__PROBLEM TO SOLVE__: Copy the following data exactly and drop the pictures.
━━ SUPPLIED INFORMATION
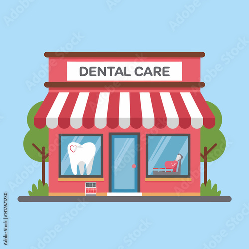 dental, care, clinic, building, dentist, teeth, hygiene, health, treatment, orthodontic, facades, awning, window, chair, illustration, flat, design, service, exterior, medicals, professional, business, health care, clean, oral, practice, office, consultation, teeth, equipment, reception, waiting, architecture, urban, town, appointment, check-up, lifestyle, doctor, industry, construction, place, nobody
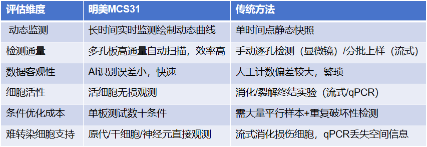 面對(duì)傳統(tǒng)方法的桎梏,明美活細(xì)胞掃描分析儀 MCS31應(yīng)運(yùn)而生。明美活細(xì)胞掃描分析儀MCS31將動(dòng)態(tài)成像、高通量掃描與AI分析深度融合,為轉(zhuǎn)染效率評(píng)估開(kāi)辟了全新的維度,實(shí)現(xiàn)了從“靜態(tài)終點(diǎn)盲測(cè)”到“動(dòng)態(tài)全程可視智能分析”的跨越。
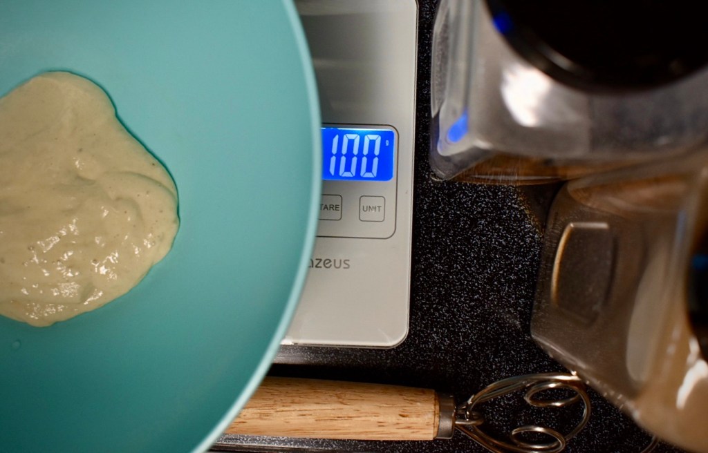 - Feed your sourdough starter: Discard half, then feed with 1 cup all-purpose flour and ½–¾ cup water until it’s the consistency of thick muffin batter.
━━━━
__EXERCISE RESPONSE__:
 dental, care, clinic, building, dentist, teeth, hygiene, health, treatment, orthodontic, facades, awning, window, chair, illustration, flat, design, service, exterior, medicals, professional, business, health care, clean, oral, practice, office, consultation, teeth, equipment, reception, waiting, architecture, urban, town, appointment, check-up, lifestyle, doctor, industry, construction, place, nobody
 面對(duì)傳統(tǒng)方法的桎梏,明美活細(xì)胞掃描分析儀 MCS31應(yīng)運(yùn)而生。明美活細(xì)胞掃描分析儀MCS31將動(dòng)態(tài)成像、高通量掃描與AI分析深度融合,為轉(zhuǎn)染效率評(píng)估開(kāi)辟了全新的維度,實(shí)現(xiàn)了從“靜態(tài)終點(diǎn)盲測(cè)”到“動(dòng)態(tài)全程可視智能分析”的跨越。
 - Feed your sourdough starter: Discard half, then feed with 1 cup all-purpose flour and ½–¾ cup water until it’s the consistency of thick muffin batter.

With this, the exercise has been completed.